The perpetrator is most often a trusted employee who has been with the company more than five years. They appear to be hard working, may take on more responsibility and work extra hours, often coming in early or staying late after all other employees have gone home. They may even refuse to take vacation. These actions, which make them appear dedicated, also provide the opportunity to commit the crime.

Be Proactive

Rather than focusing on detecting employee theft, at which point the money is already gone, small business owners should concentrate their efforts on minimizing opportunities for theft to occur. This does not need to be time consuming nor require an in-depth knowledge of accounting. Instead use common sense.

Here are some techniques to deter fraud:

• Receive your bank statement directly from the bank, before anyone else, and open it. You don’t even have to look at it, although it wouldn’t hurt, but the fact your employees know you can look at it will discourage them from writing a check to themselves, or transferring money from your account into their own.

• Insist on receiving monthly bank account reconciliations from your bookkeeper. If you can’t get this report in a timely fashion, you should ask questions since regular reconciliations do not require a lot of effort or time.

• When you receive the bank account reconciliation, pay particular attention to the items used to make the bank balance match the book balance. These items, such as deposits in transit, can be used to hide shortages in the account.

• Be wary of transfers between bank accounts. Business owners are frequently careful with their checkbook but allow employees unlimited ability to transfer money between accounts. If you use more than one bank account, contact your bank to set up security procedures for transfers. The bank can make often this a two-step process, whereby one employee must initiate the transaction and another authorizes it. This could prevent a large transfer from your account into the account of an employee.

• Don’t leave large cash balances in a bank account that employees can access.

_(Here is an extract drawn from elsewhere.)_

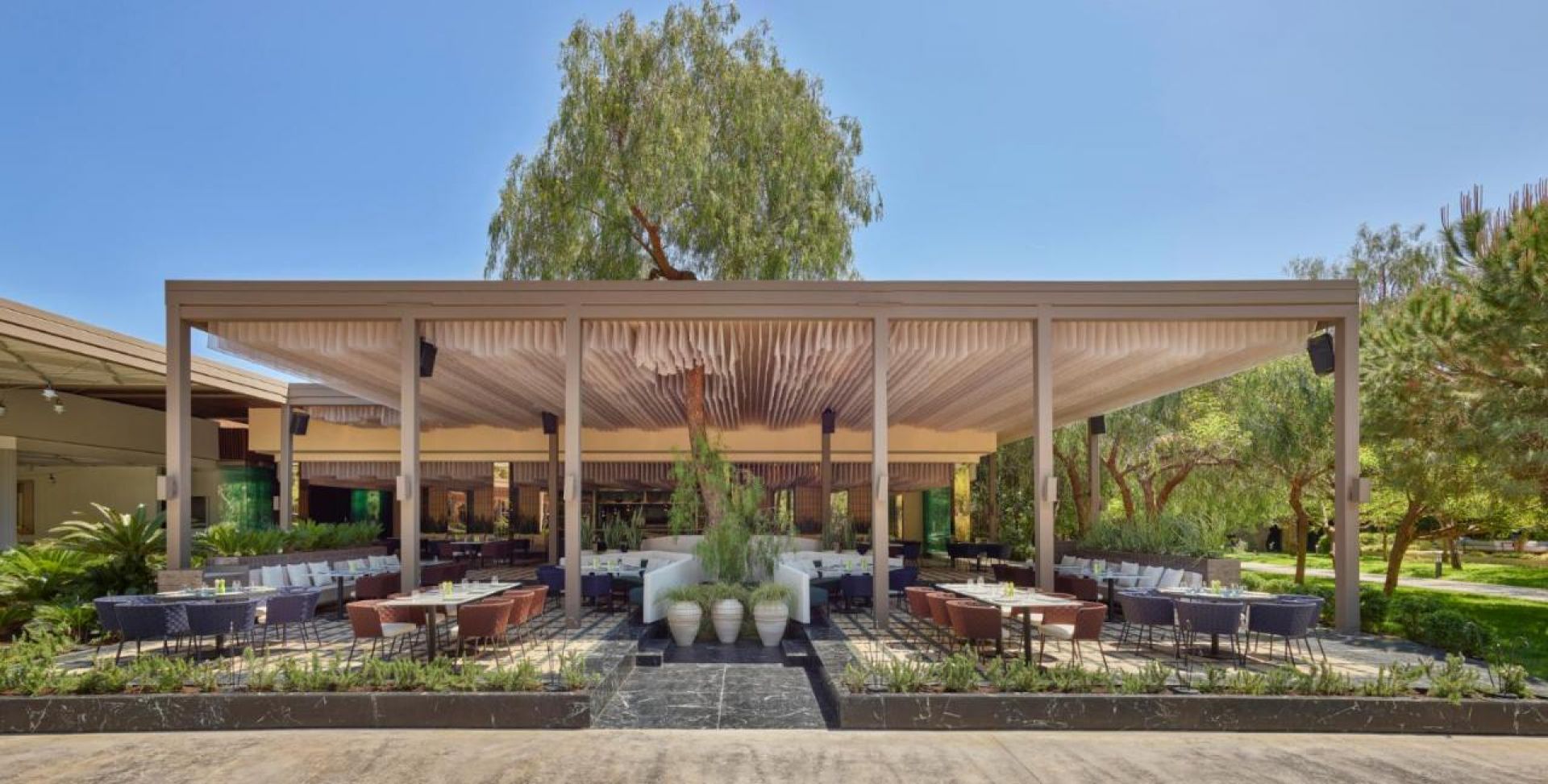 Пет а-ла-карт ресторанта, 11 бара, кафе-сладкарница, шоколадова къща, аквапарк (12+), 3 открити и 1 закрит басейн, тенис корт, футболно игрище, дискотека, магазини, конферентни зали, паркинг. За децата: Детски открит басейн с пързалки, закрит басейн, детски ресторант, детско меню, детска площадка, Mini клуб (4-7г.), Junior клуб (8-12г.), Teen клуб (13-17г.), анимация, мини диско, кино. Безплатни услуги: Сауна, турска баня, парна баня, фитнес, аеробика, йога, тенис корт, тенис на маса (с екипировка), баскетбол, плажен волейбол, водна гимнастика, кану, уиндсърф (с лиценз), дартс, боча, електронни игри, анимация, паркинг. Платени услуги: Масаж, СПА център, фризьор, лекар, химическо чистене, електронни игри, осветление за тенис корт, водни ски, моторни водни спортове, катамаран (с лиценз), уроци по гмуркане, уроци по тенис.

Limit the balance in your operating account to an amount you can afford to lose. Keep the rest in an account with restricted access.

• Control the use of credit cards. If possible, avoid using them at all. This may seem impossible, but many times a billing account can be set up with a vendor so that credit cards are not required. If you can’t avoid using credit cards, follow the same advice given for your bank account. Receive the statement directly and open it.

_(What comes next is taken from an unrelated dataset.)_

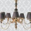 Элегантная для стильного интерьера люстра с десятью плафонами. Роскошная люстра отличается изысканностью формы изогнутых дуг, которые поддерживают изящные плафоны. Плафоны имеют эффектную отделку черной полупрозрачной тканью в драпировку с тонкой золотистой окантовкой краев верха и низа. Основание люстры украшено кристаллом янтарного цвета.

• Implement a vendor approval process. Many frauds are perpetrated using fictitious vendor accounts set up by dishonest employees. The fictitious vendor is really just a name in your accounting system that looks like a legitimate vendor. Checks can be made payable to this vendor, which can be hard to detect since the check is buried amongst legitimate vendor invoices. The best solution is to prevent vendors from being set up in the system by implementing an approval process. Most accounting systems can restrict employee access to the vendor file.

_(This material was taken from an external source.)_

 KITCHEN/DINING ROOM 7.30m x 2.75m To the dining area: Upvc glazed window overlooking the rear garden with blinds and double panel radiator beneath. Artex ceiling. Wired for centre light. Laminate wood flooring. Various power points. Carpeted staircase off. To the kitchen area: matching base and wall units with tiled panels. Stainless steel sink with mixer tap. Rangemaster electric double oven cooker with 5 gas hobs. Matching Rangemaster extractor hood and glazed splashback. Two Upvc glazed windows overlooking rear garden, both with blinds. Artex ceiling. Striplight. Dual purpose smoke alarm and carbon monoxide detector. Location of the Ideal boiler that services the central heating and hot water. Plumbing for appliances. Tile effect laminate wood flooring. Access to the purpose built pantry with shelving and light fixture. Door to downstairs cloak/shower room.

• Review your payroll reports. If you can’t review them weekly, then review them monthly, but be sure to vary the timing so that the review is unexpected. Look for fake employees, extra bonus checks, wages in excess of agreed pay rates and excessive overtime.

• Send out customer statements. Let your customers be part of your internal controls. They will appreciate the statements so they know that their records agree with yours, and if they find a discrepancy, they will contact you. It may be a simple error or it could help you identify an employee who is stealing accounts receivable checks.

Most importantly, do not be deterred. Remember, it’s your company. If your employee talks in circles, answers your questions with confusing and complex responses or makes you feel like the information is too difficult for you to understand, then you have a problem. Financial information is basic math, and your bookkeeper should be trying to help you understand the information. If you’re not getting the answers you want, then your employee may have something to hide.